→ **SUPPLIED RECORDS**
********************
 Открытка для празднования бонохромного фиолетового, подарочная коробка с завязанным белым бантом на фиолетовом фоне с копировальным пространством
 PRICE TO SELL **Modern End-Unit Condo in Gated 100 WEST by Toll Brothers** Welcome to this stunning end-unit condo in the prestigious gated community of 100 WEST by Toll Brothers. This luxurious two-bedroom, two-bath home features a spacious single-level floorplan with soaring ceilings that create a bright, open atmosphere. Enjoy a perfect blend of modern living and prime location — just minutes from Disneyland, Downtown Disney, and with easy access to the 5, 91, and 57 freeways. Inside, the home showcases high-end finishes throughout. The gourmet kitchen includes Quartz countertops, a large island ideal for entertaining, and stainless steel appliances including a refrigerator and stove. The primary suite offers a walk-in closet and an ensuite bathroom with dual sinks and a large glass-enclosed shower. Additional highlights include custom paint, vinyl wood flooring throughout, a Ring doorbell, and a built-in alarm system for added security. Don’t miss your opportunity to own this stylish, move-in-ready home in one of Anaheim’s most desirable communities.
********************
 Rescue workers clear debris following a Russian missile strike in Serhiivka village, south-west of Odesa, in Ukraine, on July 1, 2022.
********************
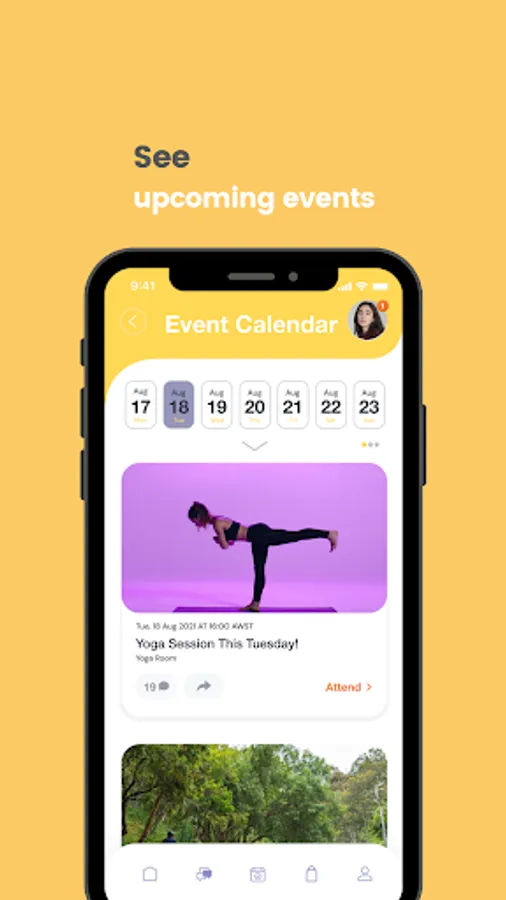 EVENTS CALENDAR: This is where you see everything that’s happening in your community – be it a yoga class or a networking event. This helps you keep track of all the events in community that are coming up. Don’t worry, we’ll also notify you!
********************
→ **YOUR INSTRUCTIONS**
Beginning with the line above that contains "Открытка для празднования", copy each line exactly up to and including the line that contains "PRICE TO SELL", and go no further.

→ **TASK SOLUTION**
 Открытка для празднования бонохромного фиолетового, подарочная коробка с завязанным белым бантом на фиолетовом фоне с копировальным пространством
 PRICE TO SELL **Modern End-Unit Condo in Gated 100 WEST by Toll Brothers** Welcome to this stunning end-unit condo in the prestigious gated community of 100 WEST by Toll Brothers. This luxurious two-bedroom, two-bath home features a spacious single-level floorplan with soaring ceilings that create a bright, open atmosphere. Enjoy a perfect blend of modern living and prime location — just minutes from Disneyland, Downtown Disney, and with easy access to the 5, 91, and 57 freeways. Inside, the home showcases high-end finishes throughout. The gourmet kitchen includes Quartz countertops, a large island ideal for entertaining, and stainless steel appliances including a refrigerator and stove. The primary suite offers a walk-in closet and an ensuite bathroom with dual sinks and a large glass-enclosed shower. Additional highlights include custom paint, vinyl wood flooring throughout, a Ring doorbell, and a built-in alarm system for added security. Don’t miss your opportunity to own this stylish, move-in-ready home in one of Anaheim’s most desirable communities.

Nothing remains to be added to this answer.